→ WHAT YOU HAVE TO DO:
With pictures left out, output exactly the lines of the listing below from the line that has "00:37:58.00 | 00:47:48.00 |" to the line that has "Marinis, T. (2015)", both lines kept.

→ DATA SHOWN:
--
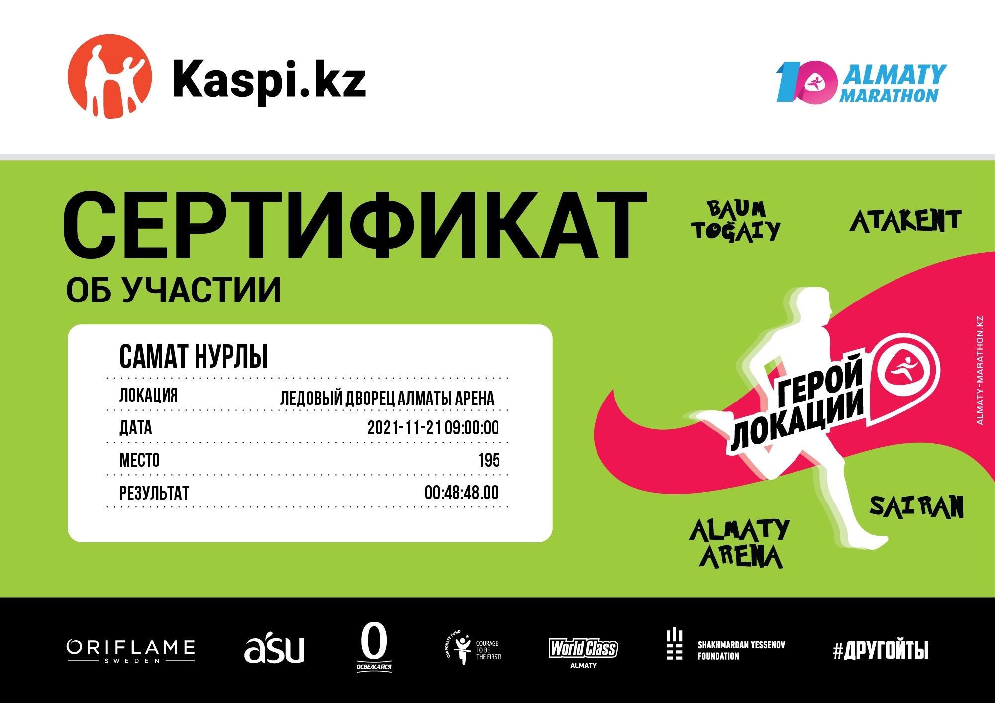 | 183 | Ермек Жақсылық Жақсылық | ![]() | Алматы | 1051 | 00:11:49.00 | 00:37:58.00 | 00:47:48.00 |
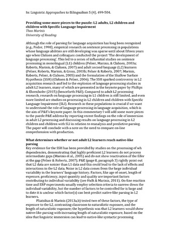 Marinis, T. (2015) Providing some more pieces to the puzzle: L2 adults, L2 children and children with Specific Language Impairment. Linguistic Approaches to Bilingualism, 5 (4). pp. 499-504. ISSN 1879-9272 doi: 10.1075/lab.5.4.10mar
--
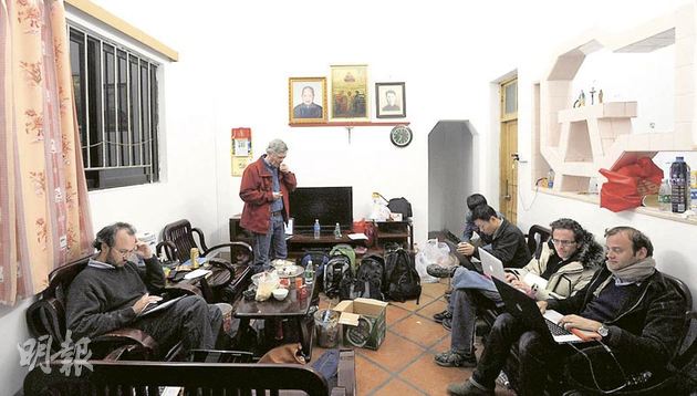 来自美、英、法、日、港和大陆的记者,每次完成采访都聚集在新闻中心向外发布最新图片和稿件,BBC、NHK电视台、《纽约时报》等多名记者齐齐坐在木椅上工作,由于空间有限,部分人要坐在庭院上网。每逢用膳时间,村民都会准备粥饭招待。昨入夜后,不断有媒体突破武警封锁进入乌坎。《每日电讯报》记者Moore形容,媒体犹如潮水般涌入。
--
→ WORKED SOLUTION:
 | 183 | Ермек Жақсылық Жақсылық | ![]() | Алматы | 1051 | 00:11:49.00 | 00:37:58.00 | 00:47:48.00 |
 Marinis, T. (2015) Providing some more pieces to the puzzle: L2 adults, L2 children and children with Specific Language Impairment. Linguistic Approaches to Bilingualism, 5 (4). pp. 499-504. ISSN 1879-9272 doi: 10.1075/lab.5.4.10mar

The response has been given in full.